Re: The vcpu won't be wakened for a long time

From: Sean Christopherson
Date: Thu Dec 16 2021 - 10:42:42 EST


On Thu, Dec 16, 2021, Longpeng (Mike, Cloud Infrastructure Service Product Dept.) wrote:
> > What kernel version? There have been a variety of fixes/changes in the
> > area in recent kernels.
>
> The kernel version is 4.18, and it seems the latest kernel also has this problem.
>
> The following code can fixes this bug, I've tested it on 4.18.
>
> (4.18)
>
> @@ -3944,6 +3944,11 @@ static void vmx_deliver_posted_interrupt(struct kvm_vcpu *vcpu, int vector)
> if (pi_test_and_set_on(&vmx->pi_desc))
> return;
>
> + if (swq_has_sleeper(kvm_arch_vcpu_wq(vcpu))) {
> + kvm_vcpu_kick(vcpu);
> + return;
> + }
> +
> if (vcpu != kvm_get_running_vcpu() &&
> !kvm_vcpu_trigger_posted_interrupt(vcpu, false))
> kvm_vcpu_kick(vcpu);
>
>
> (latest)
>
> @@ -3959,6 +3959,11 @@ static int vmx_deliver_posted_interrupt(struct kvm_vcpu *vcpu, int vector)
> if (pi_test_and_set_on(&vmx->pi_desc))
> return 0;
>
> + if (rcuwait_active(&vcpu->wait)) {
> + kvm_vcpu_kick(vcpu);
> + return 0;
> + }
> +
> if (vcpu != kvm_get_running_vcpu() &&
> !kvm_vcpu_trigger_posted_interrupt(vcpu, false))
> kvm_vcpu_kick(vcpu);
>
> Do you have any suggestions ?

Hmm, that strongly suggests the "vcpu != kvm_get_running_vcpu()" is at fault.
Can you try running with the below commit? It's currently sitting in kvm/queue,
but not marked for stable because I didn't think it was possible for the check
to a cause a missed wake event in KVM's current code base.

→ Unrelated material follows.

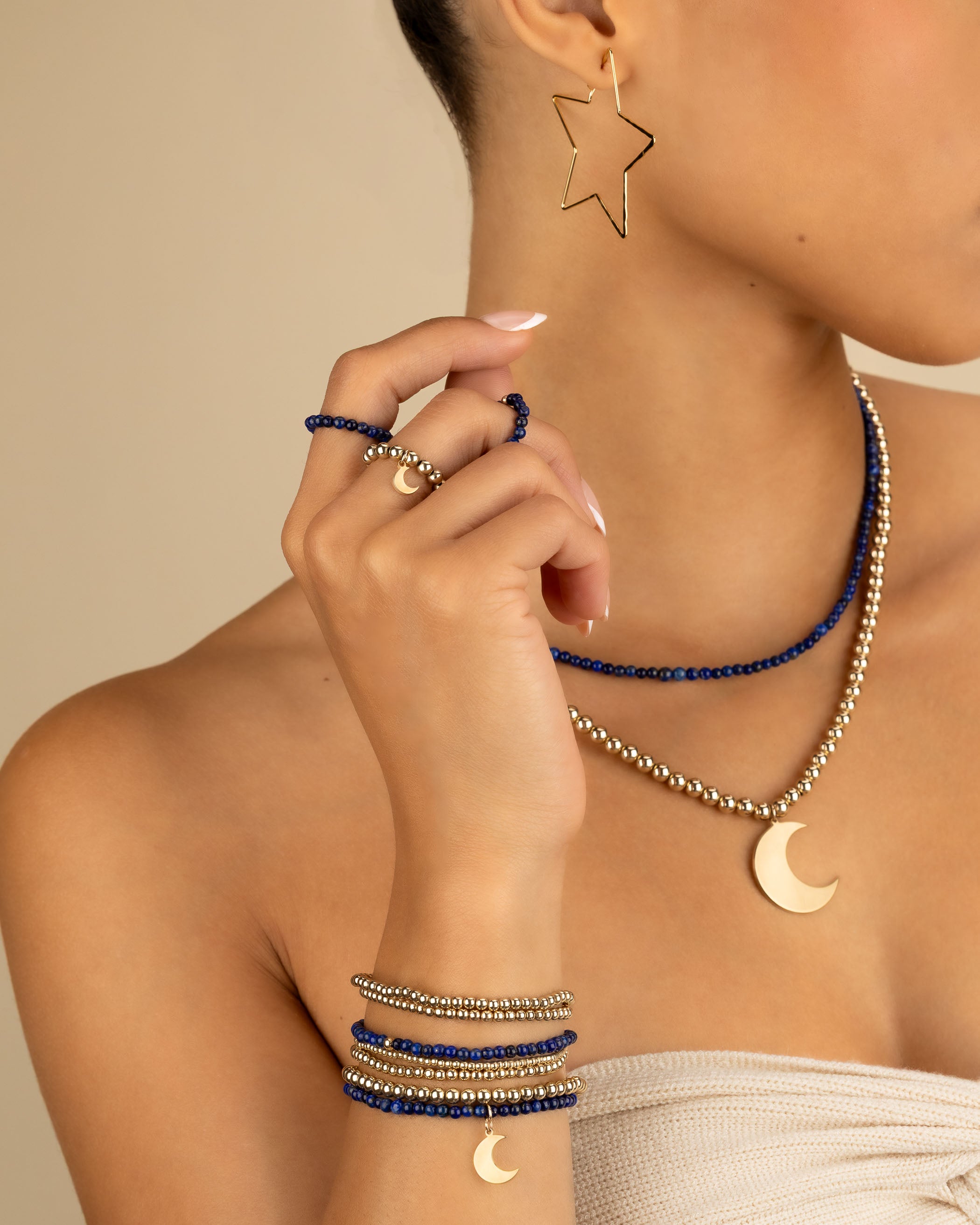 Gold Moon Charm Beaded Ring

commit 6a8110fea2c1b19711ac1ef718680dfd940363c6
Author: Sean Christopherson <seanjc@xxxxxxxxxx>
Date: Wed Dec 8 01:52:27 2021 +0000

KVM: VMX: Wake vCPU when delivering posted IRQ even if vCPU == this vCPU

Drop a check that guards triggering a posted interrupt on the currently
running vCPU, and more importantly guards waking the target vCPU if
triggering a posted interrupt fails because the vCPU isn't IN_GUEST_MODE.
The "do nothing" logic when "vcpu == running_vcpu" works only because KVM
doesn't have a path to ->deliver_posted_interrupt() from asynchronous
context, e.g. if apic_timer_expired() were changed to always go down the
posted interrupt path for APICv, or if the IN_GUEST_MODE check in
kvm_use_posted_timer_interrupt() were dropped, and the hrtimer fired in
kvm_vcpu_block() after the final kvm_vcpu_check_block() check, the vCPU
would be scheduled() out without being awakened, i.e. would "miss" the
timer interrupt.

One could argue that invoking kvm_apic_local_deliver() from (soft) IRQ
context for the current running vCPU should be illegal, but nothing in
KVM actually enforces that rules. There's also no strong obvious benefit
to making such behavior illegal, e.g. checking IN_GUEST_MODE and calling
kvm_vcpu_wake_up() is at worst marginally more costly than querying the
current running vCPU.

Lastly, this aligns the non-nested and nested usage of triggering posted
interrupts, and will allow for additional cleanups.

Signed-off-by: Sean Christopherson <seanjc@xxxxxxxxxx>
Reviewed-by: Maxim Levitsky <mlevitsk@xxxxxxxxxx>
Message-Id: <20211208015236.1616697-18-seanjc@xxxxxxxxxx>
Signed-off-by: Paolo Bonzini <pbonzini@xxxxxxxxxx>

diff --git a/arch/x86/kvm/vmx/vmx.c b/arch/x86/kvm/vmx/vmx.c
index 38749063da0e..f61a6348cffd 100644
--- a/arch/x86/kvm/vmx/vmx.c
+++ b/arch/x86/kvm/vmx/vmx.c
@@ -3995,8 +3995,7 @@ static int vmx_deliver_posted_interrupt(struct kvm_vcpu *vcpu, int vector)
* guaranteed to see PID.ON=1 and sync the PIR to IRR if triggering a
* posted interrupt "fails" because vcpu->mode != IN_GUEST_MODE.
*/
- if (vcpu != kvm_get_running_vcpu() &&
- !kvm_vcpu_trigger_posted_interrupt(vcpu, false))
+ if (!kvm_vcpu_trigger_posted_interrupt(vcpu, false))
kvm_vcpu_wake_up(vcpu);

return 0;